Who’s Afraid of the Asian Infrastructure Investment Bank?

The U.S. is outraged that European governments are joining China’s alternative to the IMF and the World Bank, but America has no one to blame but itself

Chinese one-hundred yuan banknotes

Chinese 100-yuan banknotes

This week, Germany, France, Italy, and the U.K. all signed up to join the Asian Infrastructure Investment Bank. The AIIB, a Chinese-led multilateral fund with about $50 billion in capital to invest in public infrastructure, is opposed by the U.S. because it will compete with institutions where America has considerably more influence—organizations such as the World Bank and the International Monetary Fund. An Obama administration official complained about “constant accommodation” of China by the U.S.’s European allies, and the president’s National Security Council issued a statement expressing concern over the AIIB’s environmental and governance standards.

The complaints, however, ring hollow. Washington has singularly failed to play its part in building up the capacity of existing multilateral institutions, including the World Bank and the IMF, while blocking attempts by the rest of the world to fill the gap. If the Obama administration can’t get Congress to put up the cash required, it should at the very least get out of the way of other countries willing and able to lead on multilateral expansion and reform. International financial institutions are too important to global growth and stability to be held hostage by America’s inflated sense of entitlement.

Moving toward more global funding for development is good for everyone—including the U.S. The AIIB will provide funds that can support the rollout of infrastructure, providing electricity, clean water, and improved communications to millions. That will save lives and foster growth, whether the funding is in yuan or dollars. And the presence of European members on the AIIB’s board, who are advocates of good governance and environmental standards, should be reassuring to the U.S., not a reason for censure.

The administration argues that the money going to create the AIIB would be better spent by the World Bank or another existing international finance institution. But there’s a simple answer for why that isn’t happening: Washington. China’s move to set up a series of new multilateral banks including the AIIB has followed years of frustrated attempts to reform the existing international financial institutions to better reflect the new shape of the global economy.

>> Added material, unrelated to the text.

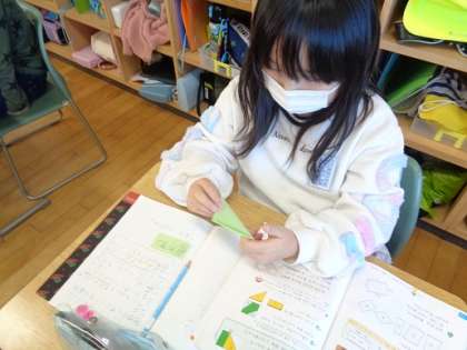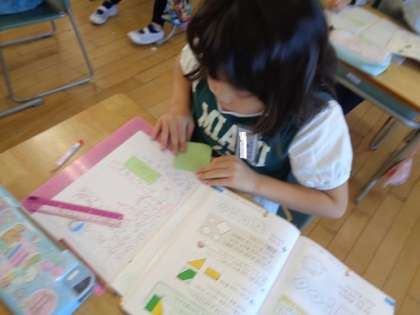 今日は、正方形を調べました。角や辺の長さに注目しています。図形を折ったり角を調べたりしている様子です。4つの角がみんな直角、辺の長さがみんな同じであることを見つけました。

It’s been five years since the World Bank last got a capital increase—and that was its first since 1988. Under pressure from the U.S. to keep funding requirements small and changes in voting shares limited, the capital boost added a mere 30 percent to the institution’s lending capacity. That headroom has been eaten up already by the bank’s operations during the global financial crisis. When it comes to the IMF, there have been four failed attempts by the Obama administration to get congressional approval and funding for the U.S. share of a financing and reform package.

Thanks to the U.S.’s stonewalling, America still has veto power on major decisions made by both the IMF and the World Bank, and a lock on selecting the president of the World Bank. Both institutions are increasingly unrepresentative of the global economy—and undersize compared with the demands they face. It’s hardly surprising that countries such as China and India are simply moving on.

The Obama administration recognizes the link between the creation of the AIIB and Washington’s pathetic performance on multilateral funding. As Treasury Secretary Jack Lew pointed out in recent congressional testimony: “It’s not an accident that emerging economies are looking at other places because they are frustrated that, frankly, the United States has stalled a very mild and reasonable set of reforms in the IMF.” The failure to act, suggested Lew, raised “significant questions about U.S. credibility and leadership in the multilateral system.”

If the U.S. is going to regain that credibility, it’s past time to do something. Finding more money from Congress appears hopeless. Instead, the executive branch should take matters into its own hands. The Treasury should instruct U.S. representatives on the boards of the IMF and the World Bank to vote in favor of reforms that will allow the rest of the world to get on with making those institutions stronger. If the U.S. would allow its voting share at the IMF and the bank to be reduced as other countries provided additional resources, that would enable the creation of a far stronger international financial architecture—good for everyone and cost-free to a skinflint superpower. Best of all: There would be no need for congressional approval.

The U.S. is acting like a disgraced ambassador from a tin-pot dictatorship in demanding perquisites out of all proportion to its role. The whole world is paying the price, but America will be the biggest loser in terms of influence when other countries simply bypass it and the institutions it did so much to build in the first place. If the U.S. wants to deter the growth of new multilateral institutions, it has to support the growth of the old ones.

(Corrects reference to Obama Administration's attempts to win Congressional approval for funding package for International Monetary Fund.)